| WHAT IS NEEDED |
Copy each entry below verbatim. Skip the pictures.

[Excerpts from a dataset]
- - - -

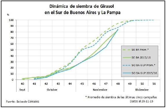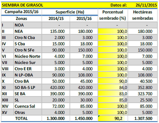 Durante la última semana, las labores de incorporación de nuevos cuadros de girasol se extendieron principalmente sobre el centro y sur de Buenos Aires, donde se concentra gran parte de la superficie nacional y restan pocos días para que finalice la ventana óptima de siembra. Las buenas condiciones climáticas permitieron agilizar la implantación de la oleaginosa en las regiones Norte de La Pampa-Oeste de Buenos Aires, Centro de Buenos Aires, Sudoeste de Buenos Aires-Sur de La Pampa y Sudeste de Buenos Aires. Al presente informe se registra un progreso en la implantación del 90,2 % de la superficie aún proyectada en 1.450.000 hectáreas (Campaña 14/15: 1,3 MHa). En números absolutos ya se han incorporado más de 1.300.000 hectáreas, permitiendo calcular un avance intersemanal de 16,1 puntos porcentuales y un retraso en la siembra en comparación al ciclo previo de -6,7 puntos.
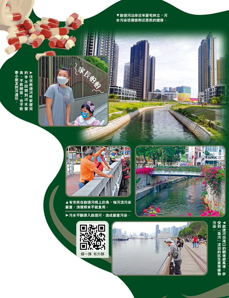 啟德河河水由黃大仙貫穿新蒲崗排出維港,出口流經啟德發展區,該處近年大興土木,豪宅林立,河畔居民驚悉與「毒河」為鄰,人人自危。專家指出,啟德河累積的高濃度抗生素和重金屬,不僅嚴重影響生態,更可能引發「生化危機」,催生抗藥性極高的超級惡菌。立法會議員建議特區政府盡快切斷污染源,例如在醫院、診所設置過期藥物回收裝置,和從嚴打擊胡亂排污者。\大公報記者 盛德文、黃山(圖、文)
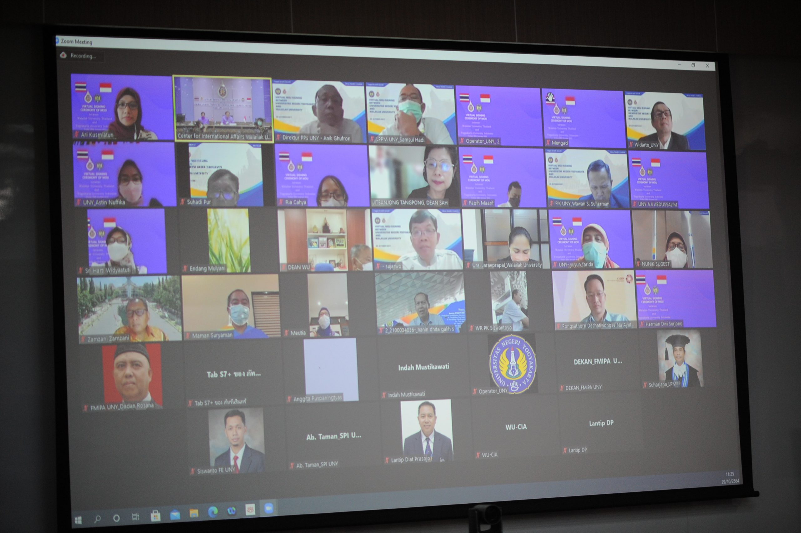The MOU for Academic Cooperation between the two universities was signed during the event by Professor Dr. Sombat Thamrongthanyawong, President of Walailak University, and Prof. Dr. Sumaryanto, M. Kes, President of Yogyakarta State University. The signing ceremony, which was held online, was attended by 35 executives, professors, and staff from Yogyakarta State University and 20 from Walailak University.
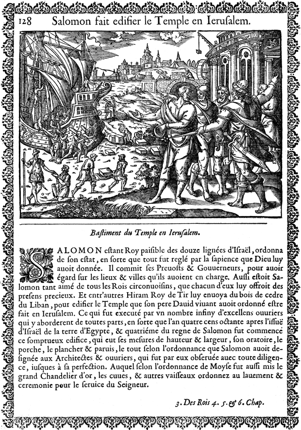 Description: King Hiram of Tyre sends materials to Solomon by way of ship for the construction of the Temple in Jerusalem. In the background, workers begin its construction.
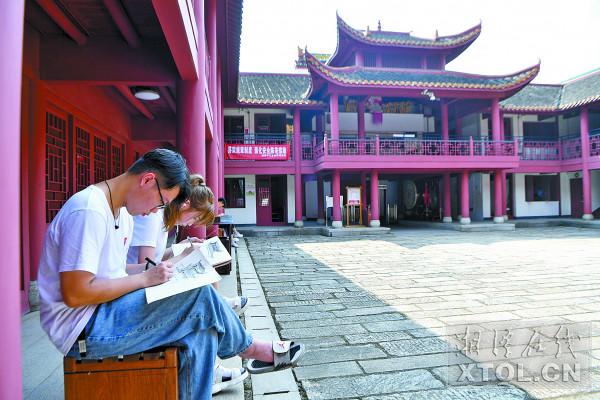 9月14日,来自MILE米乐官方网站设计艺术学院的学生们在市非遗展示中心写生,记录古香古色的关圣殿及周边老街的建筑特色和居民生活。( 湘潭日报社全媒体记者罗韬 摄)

- - - -

| RESPONSE |
 Durante la última semana, las labores de incorporación de nuevos cuadros de girasol se extendieron principalmente sobre el centro y sur de Buenos Aires, donde se concentra gran parte de la superficie nacional y restan pocos días para que finalice la ventana óptima de siembra. Las buenas condiciones climáticas permitieron agilizar la implantación de la oleaginosa en las regiones Norte de La Pampa-Oeste de Buenos Aires, Centro de Buenos Aires, Sudoeste de Buenos Aires-Sur de La Pampa y Sudeste de Buenos Aires. Al presente informe se registra un progreso en la implantación del 90,2 % de la superficie aún proyectada en 1.450.000 hectáreas (Campaña 14/15: 1,3 MHa). En números absolutos ya se han incorporado más de 1.300.000 hectáreas, permitiendo calcular un avance intersemanal de 16,1 puntos porcentuales y un retraso en la siembra en comparación al ciclo previo de -6,7 puntos.
 啟德河河水由黃大仙貫穿新蒲崗排出維港,出口流經啟德發展區,該處近年大興土木,豪宅林立,河畔居民驚悉與「毒河」為鄰,人人自危。專家指出,啟德河累積的高濃度抗生素和重金屬,不僅嚴重影響生態,更可能引發「生化危機」,催生抗藥性極高的超級惡菌。立法會議員建議特區政府盡快切斷污染源,例如在醫院、診所設置過期藥物回收裝置,和從嚴打擊胡亂排污者。\大公報記者 盛德文、黃山(圖、文)
The MOU for Academic Cooperation between the two universities was signed during the event by Professor Dr. Sombat Thamrongthanyawong, President of Walailak University, and Prof. Dr. Sumaryanto, M. Kes, President of Yogyakarta State University. The signing ceremony, which was held online, was attended by 35 executives, professors, and staff from Yogyakarta State University and 20 from Walailak University.
 Description: King Hiram of Tyre sends materials to Solomon by way of ship for the construction of the Temple in Jerusalem. In the background, workers begin its construction.
 9月14日,来自MILE米乐官方网站设计艺术学院的学生们在市非遗展示中心写生,记录古香古色的关圣殿及周边老街的建筑特色和居民生活。( 湘潭日报社全媒体记者罗韬 摄)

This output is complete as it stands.